# Trailer Tongue Weight Scale



## russlg (Jul 21, 2008)

With all the talk about adjusting WDH's based on varying loads, I was curious as to how many of you wing it and how many actually _weigh_ the trailer at the tongue. I was looking through the Draw Tite book at work today, reading up on their dual cam sway and the P3 and came across this little guy:










Its a Trailer Tongue Scale. Seems like a must have to me... Price is a little more than I'd wanna pay, seen it from $140 up to $180.00 in places online.

Ther is a demo video for it here:

http://www.etrailer.com/tv_demo_towing_pro...scale_5780.aspx

Discuss!!!

Russ


----------



## bentpixel (Sep 2, 2006)

I bought mine directly from Sherline. Some cool info here. Tasks out the guesswork. Comes in handy after a mod and dailing in WD tension.

One site priced it at ~$99 shipping not included.

Good Luck,
Scott


----------



## Ray C (Apr 4, 2007)

I have one use it all the time works good. I got it from northern tool online


----------



## jtbmoore (Apr 29, 2008)

You can get them on ebay for a little over 100. I have seen a few used ones for under 100 in the past. I don't have one but this might have rekindled that fire.

I always thought it would be a good idea to get one and rent it out. Maybe if someone on this site wanted to do a baseline measurement then rent it for $10 or something. Nothing to get rich but lower the cost of the product and help other outbackers out. I bet you could walk around an RV park and get it paid for in an hour. Just a thought.


----------



## Herbicidal (Aug 29, 2003)

Now I'm thinking about it too. I just pulled off our two Trojan 125 6volt batteries (66 lbs each) since we're not camping for a few months and refilled the two propane tanks. Those four items alone weigh 236 lbs combind! Each propane tank weighed in @ 52 lbs full. Now I'm real curious on what the actual tongue weight is on my trailer. I was thinking it was in the 850 - 900 lb range, I might be low in my guess. I may have to get one of these as my bathroom scale won't handle that much weight!


----------



## russk42 (Sep 10, 2007)

bentpixel said:


> I bought mine directly from Sherline. Some cool info here. Tasks out the guesswork. Comes in handy after a mod and dailing in WD tension.

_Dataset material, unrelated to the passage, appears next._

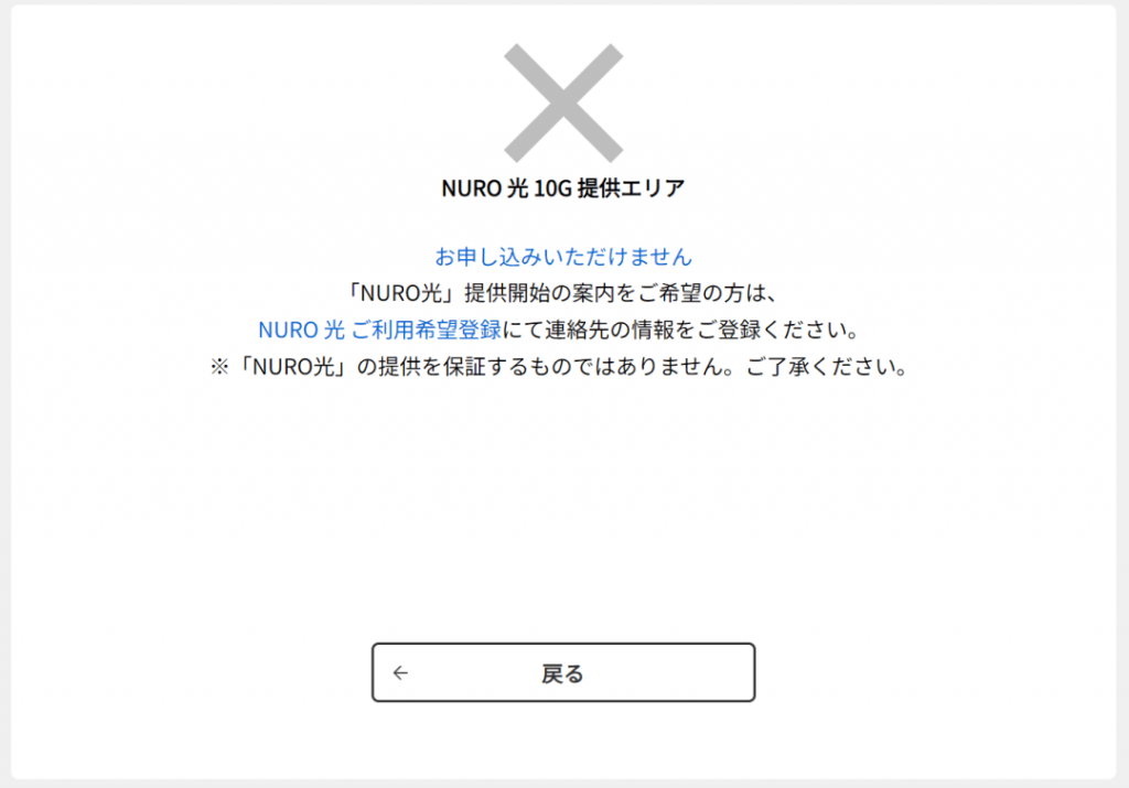 お住まいの地域は NURO 光 10ギガ 提供エリア に含まれていないようです。

Can it be used to determine the weight on the ball or effective tongue weight after adjusting the WD bars? I imagine it could, but I'm not sure how---can you weigh it unhitched, and then hitched, and then subtract? Or is there no way to get a valid weight when it's hitched to the truck?


----------



## wtscl (May 22, 2007)

A coworker has a tongue scale that goes into the TV receiver and you lower the TT tongue onto it. He paid about $125 for it. Senzbar 

I figured out that one of my first trips, I have well over 1000lb of tongue weight (this unit only measures up to 1000lbs). I had not gotten the tongue jack off of the ground before it hit 1000lb. I have since started to load my OB a little different. I keep thinking about getting one of my own so I can customize my loadout.


----------



## bentpixel (Sep 2, 2006)

russk42 said:


> I bought mine directly from Sherline. Some cool info here. Tasks out the guesswork. Comes in handy after a mod and dialing in WD tension.

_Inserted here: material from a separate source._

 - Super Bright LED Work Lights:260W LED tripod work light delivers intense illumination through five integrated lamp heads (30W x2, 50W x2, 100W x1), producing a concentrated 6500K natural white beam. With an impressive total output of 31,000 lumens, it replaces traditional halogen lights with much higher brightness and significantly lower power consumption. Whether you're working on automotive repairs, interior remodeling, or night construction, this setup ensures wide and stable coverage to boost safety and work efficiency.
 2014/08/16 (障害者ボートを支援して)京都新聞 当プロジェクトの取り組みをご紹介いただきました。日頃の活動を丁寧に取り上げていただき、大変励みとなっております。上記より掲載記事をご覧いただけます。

Can it be used to determine the weight on the ball or effective tongue weight after adjusting the WD bars? I imagine it could, but I'm not sure how---can you weigh it unhitched, and then hitched, and then subtract? Or is there no way to get a valid weight when it's hitched to the truck?
[/quote]

Russ

The post supplied with the scale for directly measuring the tongue weight at the coupler. I use this number to double check my calculations. When I have used it to reset the WD after a mod put the cup on the scale. This will fit the trailer jack.

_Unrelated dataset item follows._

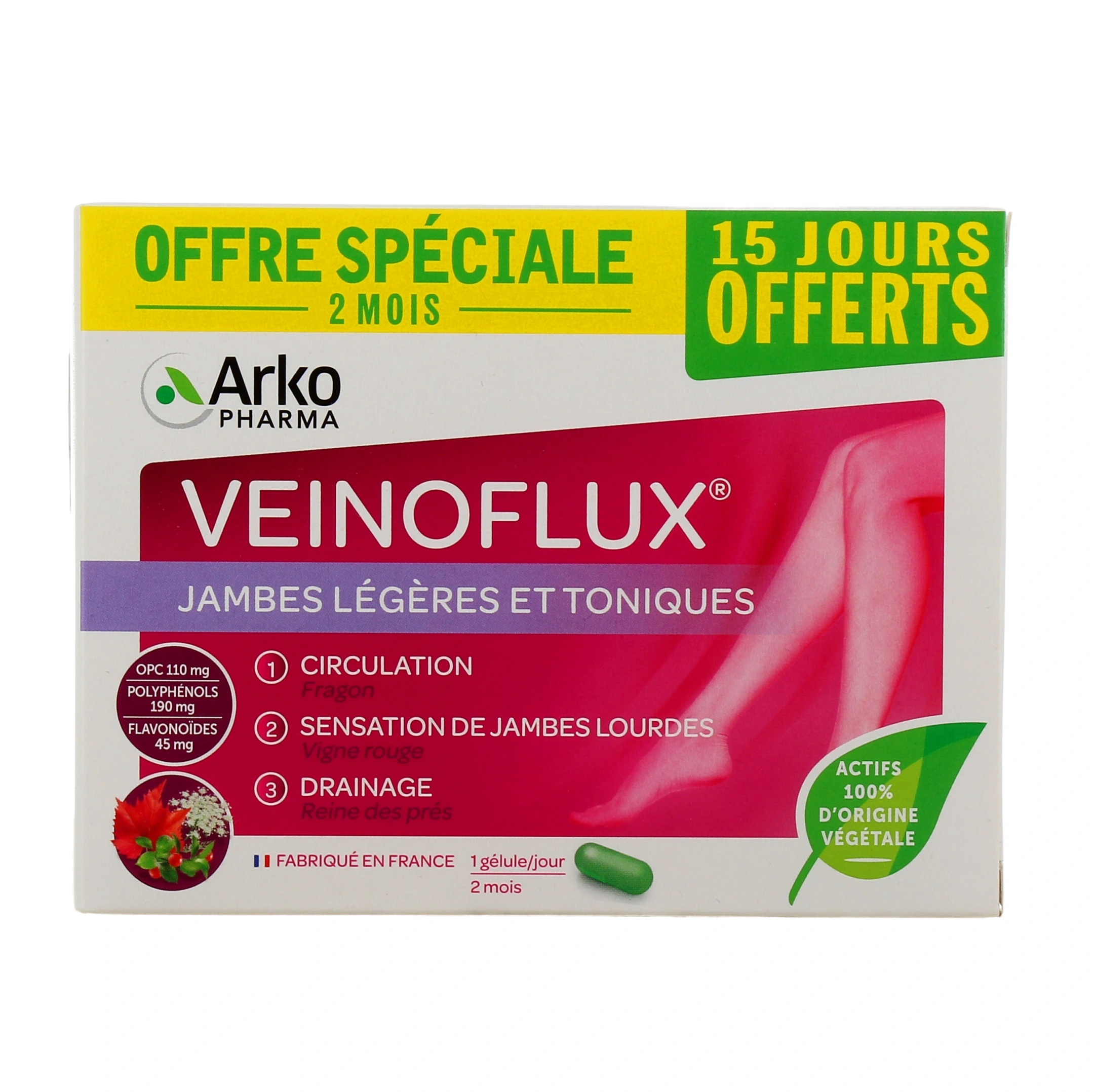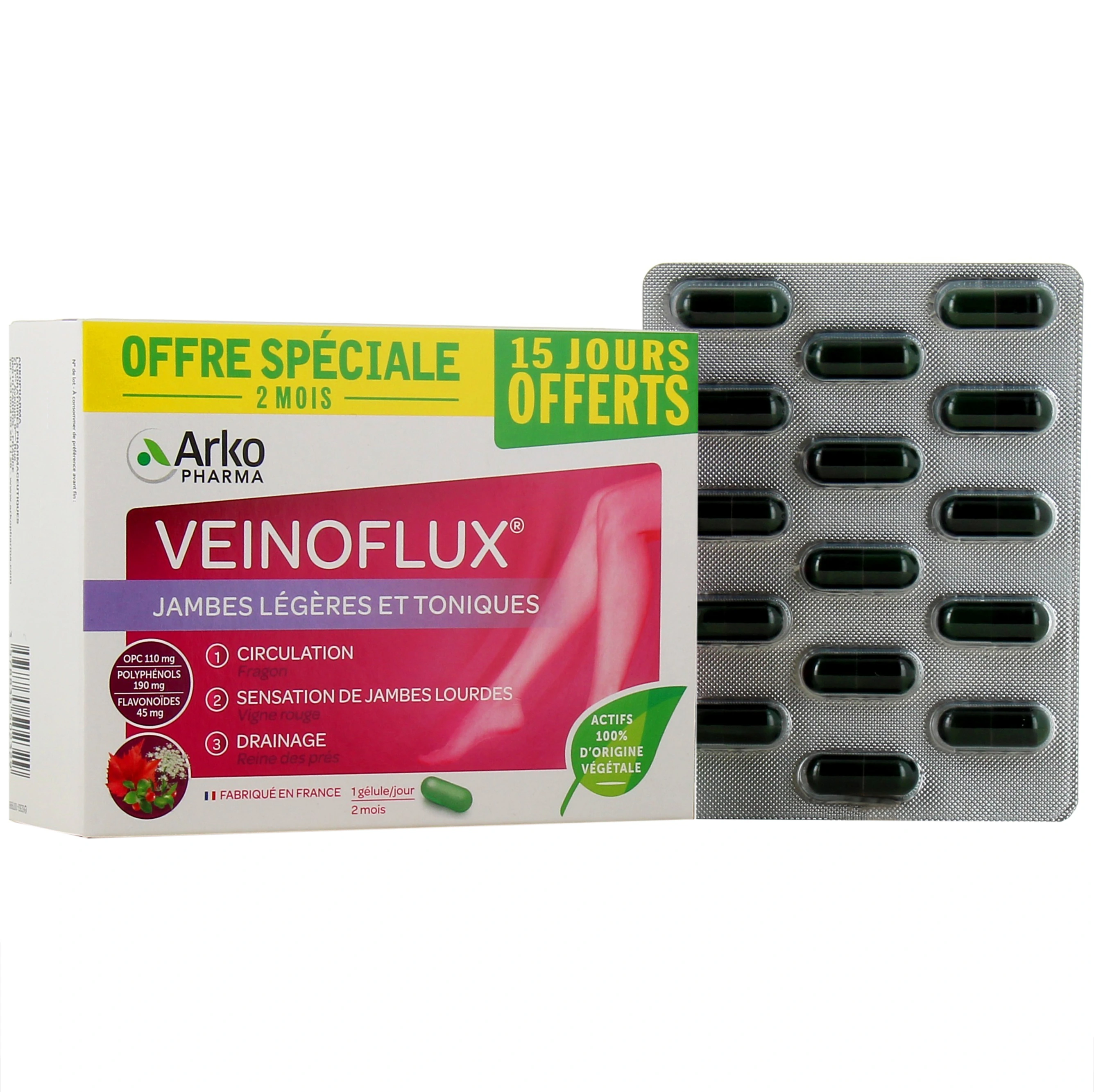 Les présentations proposées par votre pharmacie en ligne : boîte de 30 gélules (programme de 1 mois), ou 60 gélules (Offre spéciale 2 mois, 15 jours offerts, sous réserve de disponibilité). Également disponible avec gel Veinoflux effet (format 15 ml).

Use all safety precaution: chocks in place, level ground, noone in the trailer, etc., etc., etc.

Method: 
Measure the distance from ground to receiver. (Any point that is easy will do.) 
Hitch up withOUT loading WD bars.
Place scale under jack and crank-up to unhitched height. Be very exact. 
Record weight. Adjust bars until scale reads a little less than one-third of this weight. 
Raise jack. Remove scale.
The jack weight equals the coupler weight times the ratio of the distances to the shackle.

Say you measure 15 feet to the coupler and 14 feet to the jack then the ratio of 15/14 = ~1.071428. Add about a 7% to direct measurement to get the expected jack weight.

The rule of thirds:
The WD bars should throw one third to the TV front axle and one third back to the TT axles, leaving one third on the TV rear axle. I've never tried to figure out the exact rear axle load. I was happy when I got a 1" squat front and rear on the TV.

Feel free to PM me.

Good Luck,
Scott


----------



## Oregon_Camper (Sep 13, 2004)

jtbmoore said:


> You can get them on ebay for a little over 100. I have seen a few used ones for under 100 in the past. I don't have one but this might have rekindled that fire.
> 
> I always thought it would be a good idea to get one and rent it out. Maybe if someone on this site wanted to do a baseline measurement then rent it for $10 or something. Nothing to get rich but lower the cost of the product and help other outbackers out. I bet you could walk around an RV park and get it paid for in an hour. Just a thought.


Great idea...

Taking it one step further, we could have it sent to some of the larger Outback Rallies. Then everyone could use it for a a fee...and help offset the price. This would only involve one shipment of the scale, but many Outbackers would gain from it.

Anyone here own a scale and want to start making a few bucks?


----------